Ordinarily, the party seeking to enforce a contract must produce the original contract. See Fed.R.Evid. 1002 (“To prove the content of a writing, ... the original writing ... is required, except as otherwise provided in these rules or by Act of Congress.”). If the original has been lost or destroyed, however, the terms of the contract may be proved by other evidence. Fed.R.Evid. 1004(1). The trier of fact, not the court, ultimately determines whether the original existed and whether the other evidence accurately reflects its terms. Fed.R.Evid. 1008. Nevertheless, the court must first determine whether there is sufficient evidence of good-faith loss or destruction, and whether the proponent has introduced prima facie proof of the existence and contents of the original. Id.; see also Fed.R.Evid. 104(b).
Prima facie
proof is evidence from which a reasonable factfinder could decide these issues in the proponent’s favor, under the applicable burden of proof. In a diversity case, state law establishes that burden.

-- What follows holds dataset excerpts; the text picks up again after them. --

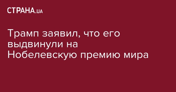 Трамп заявил, что его выдвинули на Нобелевскую премию мира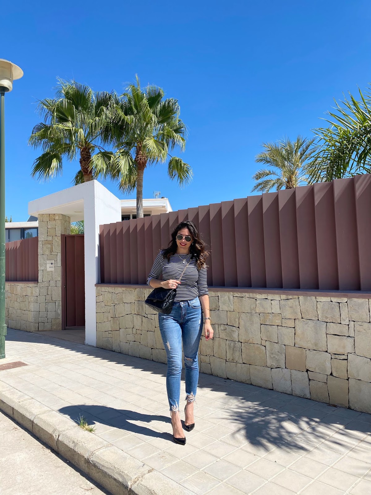Combinados con cami a rayas y zapatos y bolso negro me parece ideal!
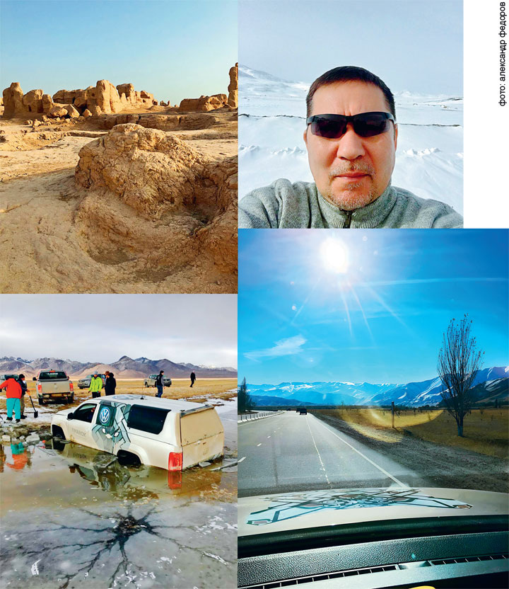 Чатыр-Куль оправдывает свое киргизское название «небесное озеро»: он находится на высоте более трех с половиной тысяч метров. Гигантская гладь воды уже за добрый десяток километров отражает солнечный свет так ярко, что не помогают даже горные очки. Пробираясь по заболоченным берегам, наша колонна преодолевает множество замерзших речушек и покрытых льдом проток. На земле держим дистанцию и стараемся ехать по следам впереди-идущей машины — так спокойнее. Речной лед, напротив, проезжаем по целине, там, где он кажется крепче. Что подвело нашу техничку — кажущийся надежным лед или же просто большая масса припасов и оборудования в кузове — сказать сложно. Проезжая через замерзшую протоку, номер восемь проломил лед и сел задними колесами в глубокий ил. Колонна мгновенно развернулась. Минут десять ушло на расчистку полыньи от ледяной каши и на то, чтобы заякориться тросами друг с другом двум прочно стоящим на твердой земле «Амарокам». Остальное сделала лебедка. Процент потерь оказался небольшим: пара глубоких царапин на кузове от льда да запах тины, прописавшийся на несколько следующих дней в салоне.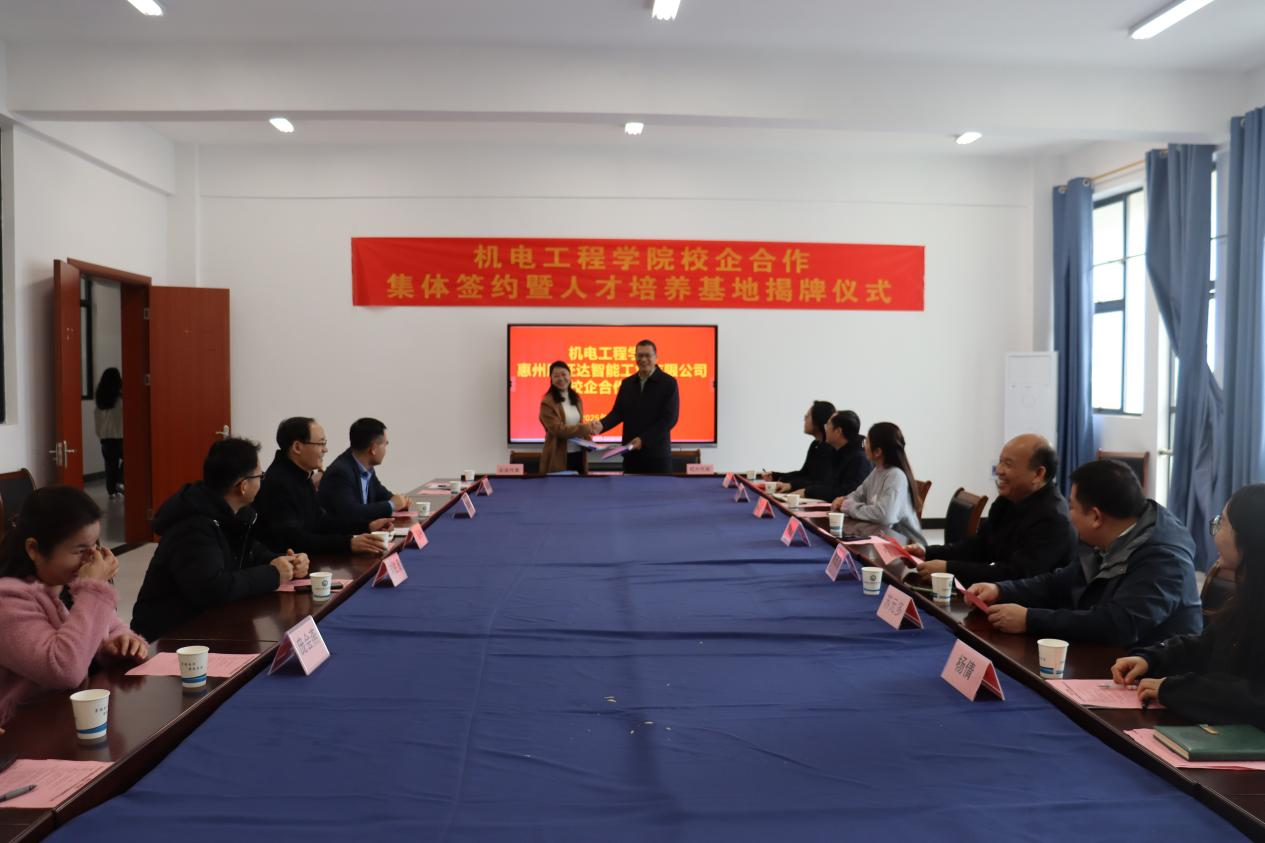 11月19日上午,我校机电工程学院校企合作协议签订暨人才培养基地揭牌仪式在12栋教学楼举行。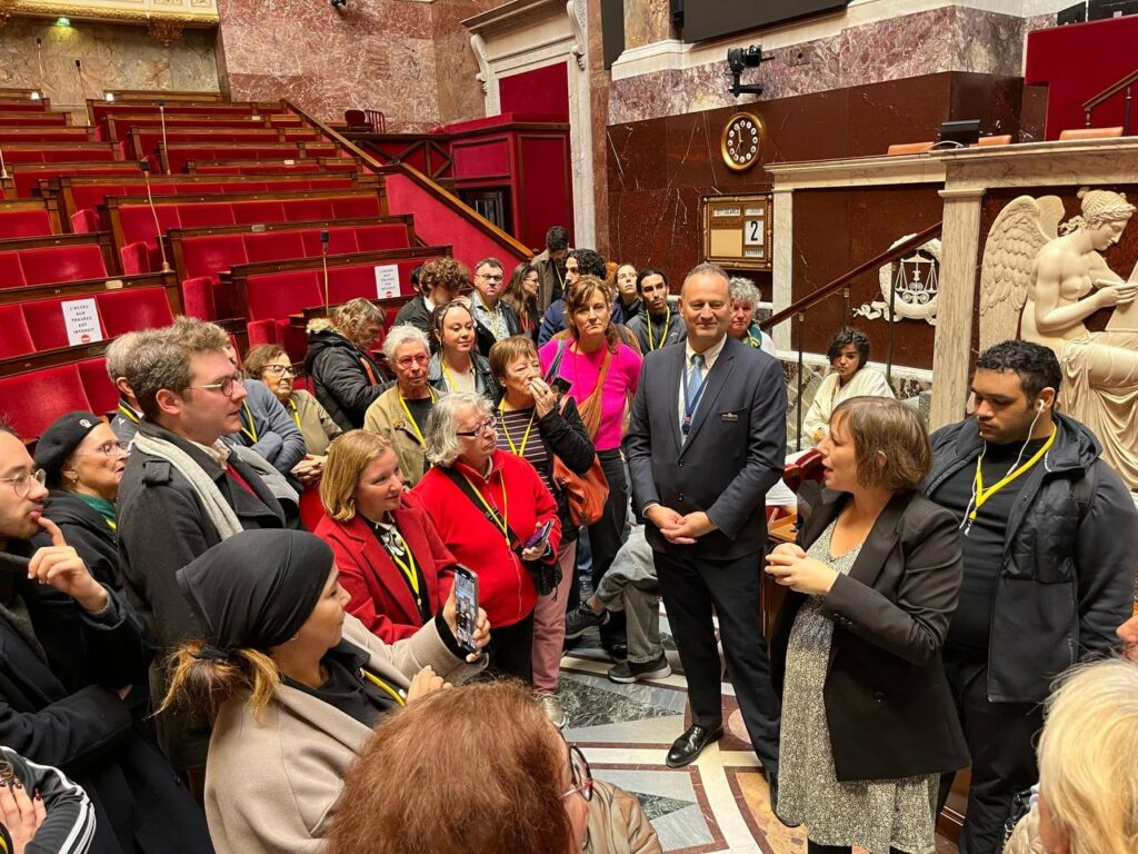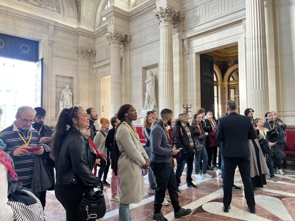 Samedi 11 octobre, nous avons eu le privilège de participer à une visite de l’Assemblée nationale, à l’invitation de Mme Sarah Legrain, députée du 19ᵉ arrondissement de Paris. L’Assemblée nationale, située au Palais Bourbon, est l’une des deux chambres du Parlement français. Elle joue un rôle essentiel dans la vie démocratique du pays : ses députés y débattent, proposent et votent les lois, tout en contrôlant l’action du gouvernement. Ce lieu emblématique, riche d’histoire et de symboles républicains, incarne le cœur du pouvoir législatif en France. Accompagnés de Mme Legrain et d’un guide, nous avons découvert les coulisses de cette institution : la majesté de la salle des séances, les salons historiques, ainsi que les nombreuses œuvres d’art qui retracent les grandes étapes de la République. Cette visite a été une expérience instructive et captivante, nous permettant de mieux comprendre le fonctionnement de la démocratie française et l’histoire de ce lieu chargé de mémoire. La matinée s’est conclue par un temps d’échange convivial avec notre députée, durant lequel nous avons pu aborder les préoccupations et questions des adhérents d’Espace 19 Cambrai. Ce moment privilégié a permis un dialogue ouvert autour des enjeux locaux et nationaux qui nous concernent.

Aetna Cas. & Sur. Co. v. Wallace & Gale Co. (In re Wallace & Gale Co.),
Legg Mason does not contend that Lowry’s lost or destroyed the subscription agreement in bad faith. Nor does any evidence so indicate. Rather, Legg Mason’s argument rests entirely on the faulty memory of Ms. Olszewski (with respect to the existence of the contract) and its lack of relationship with the subscribers to the other agreements that Lowry’s has tendered (with respect to the terms). Its argument fails. Lowry’s attested business practice, Legg Mason’s annual payment to Lowry’s, the identity of the Reports’ Legg Mason addressee, and the uniform language of the other subscription agreements would permit a rea *758 sonable trier of fact to conclude that Ms. Olszewski at some time executed a subscription agreement whose relevant terms matched those of the other agreements. See Fed.R.Evid. 406 (“Evidence of ... the routine practice of an organization, whether corroborated or not ..., is relevant to prove that the conduct of the ... organization on a particular occasion was in conformity with the ... routine practice.”). Accordingly, Legg Mason is not entitled to summary judgment on Lowry’s breach-of-contract claim.
CONCLUSION
For the foregoing reasons, a separate order will be issued: GRANTING Legg Mason’s motion for summary judgment on Lowry’s claim of unfair competition, but DENYING that motion on Lowry’s claims of copyright infringement and breach of contract; GRANTING Legg Mason’s alternative motion for partial summary judgment to foreclose Lowry’s claim for Legg Mason’s profits, but DENYING that motion on the issue of enhanced statutory damages for willful infringement; GRANTING Lowry’s motion for partial summary judgment on Legg Mason’s liability for copyright infringement for conduct occurring before June 20, 2002; DENYING that motion on La-bility for copyright infringement for conduct occurring after June 19, 2002; and GRANTING that motion on the issue of reduced statutory damages for “innocent” infringement.
Notes
.
Accord, Sanchez v. Marseilles Hotel,
. Even if it is assumed that Mr. Thayer printed out only a single copy for Ms. Olszewski during the final phase of copying in the research department, the defense fails. Lowry’s once sent Mr. Thayer the copy it owed Ms. Olszewski. It did not thereby agree to permit Ms. Olszewski, whenever she herself received her subscription copy, to email a copy to Mr. Thayer so that he could make another, paper copy for her.
. It is not certain whether this standard matches either the mere preponderance standard or the higher "clear and convincing” standard; it may fall somewhere in between.